- From: Adam Kuehn <akuehn@nc.rr.com>
- Date: Tue, 30 Mar 2004 13:05:56 -0500
- To: www-style@w3.org
Various folks wrote:
>>>I use server-side scripting to identify UAs and then modify the
>>>CSS using PHP -
>>>not the prettiest solution, but it works.
>>
>>So UA strings, while not wonderful, *are* usable.
>
>Usable, yes, but not good to be part of a standard.
What fundamental purpose would @useragent serve in the spec? The
goal of the spec is to convince all UAs to achieve compliance so
authoring becomes as easy as possible. Thus it seems the spec has to
be designed to try to render that rule entirely useless. This seems
like a patch applied to a future version to cure a current problem.

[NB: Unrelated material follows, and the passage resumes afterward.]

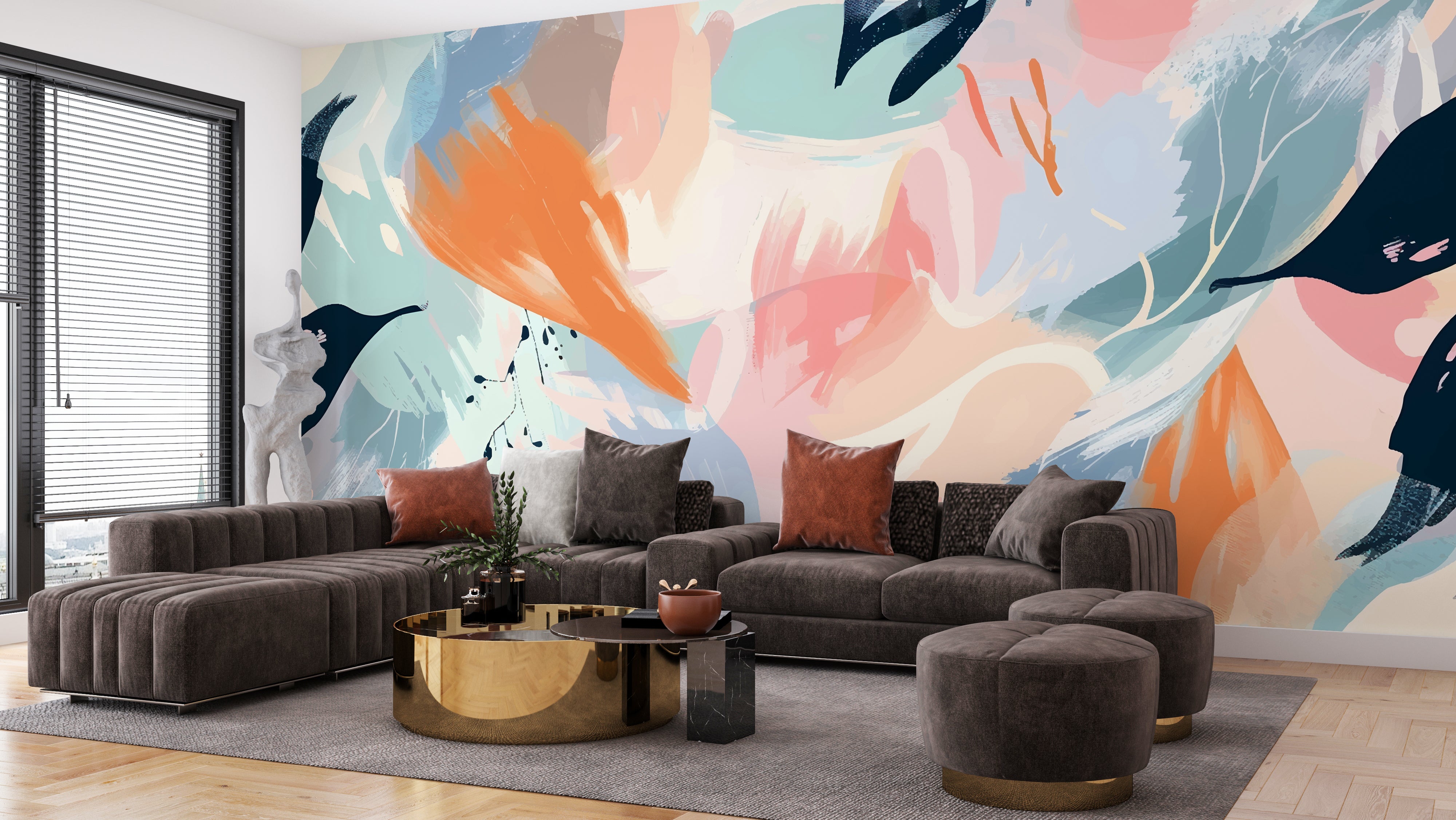 Pastel Abstract Summer Wallpaper, Seamless Pattern Mural, Oversized Custom Size Wall Art, Non-Woven, Non-Adhesive, Modern Wall Paper, Removable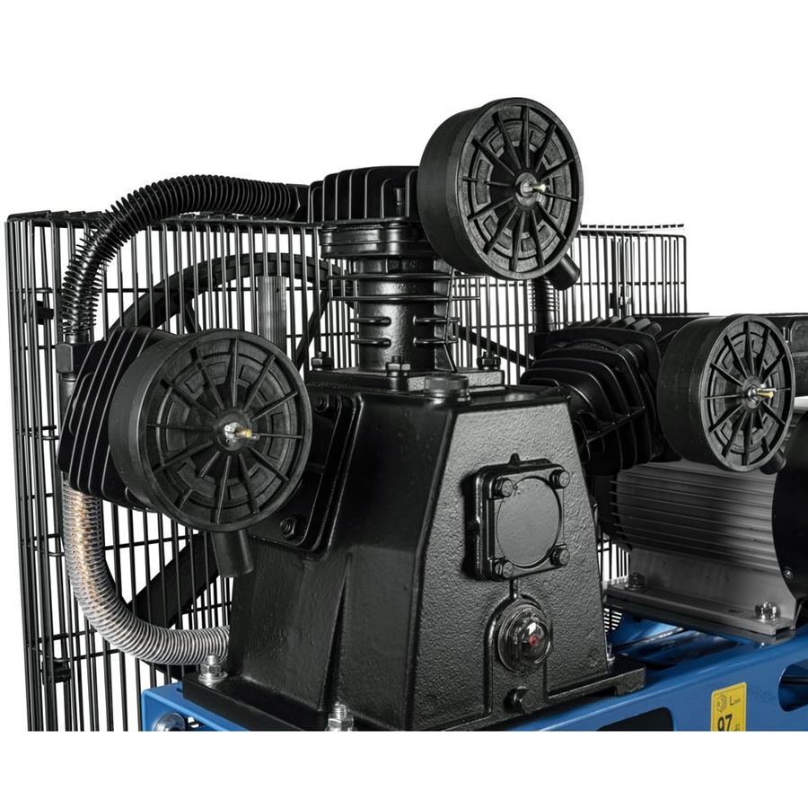 Vybavení: 2 manometry, 2 výstupy stlačeného vzduchu, tlakový spínač, redukční ventil, pojistný přetlakový ventil, zpětný ventil, olejoznak, vzduchové filtry (3), jistič motoru, ochranný (mřížový) kryt řemenu.

As such, I have trouble envisioning it as a working solution, and if
implemented it seems as though it would still make authoring just as
difficult as it is right now.
On the other hand, I don't see that there would be any harm in
implementing an @version rule, so that authors can declare which
version of CSS they are supporting. This follows the Javascript
model, at least to some extent. Such a declaration would allow the
future development of the spec in a direction that is incompatible
with current implementations, should that prove to be desirable at
some point. A version declaration might also give authors the option
to specify that the user agent could use the rules in the version
block as a supplement to other rules, or as an exclusive substitute
for them.
After several CSS versions, I could imagine, e.g.:
/* current generation browsers see generic rule blocks here */
@version (3, exclusive) {
/* rules aimed at CSS version 3 implementations */
/* generic rule blocks would not be applied */
@version (4, inclusive) {
/* enhancements for CSS version 4 capable browsers */
/* version 3 rules would also apply, but not */
/* generic rule blocks, since the version 4 rule */
/* is itself contained inside an exclusive block */
}
}
I don't know if this would be too difficult to implement (certainly
it would bring up progressive rendering issues in this form, at
least), but I can certainly imagine it being useful to authors. And
it makes authoring easier, because it could be entirely ignored by
authors if they didn't want to use advanced features. It also
partially addresses some of the issues @useragent is supposed to
cover, but does it in a more consistent, spec-centric way, in my view.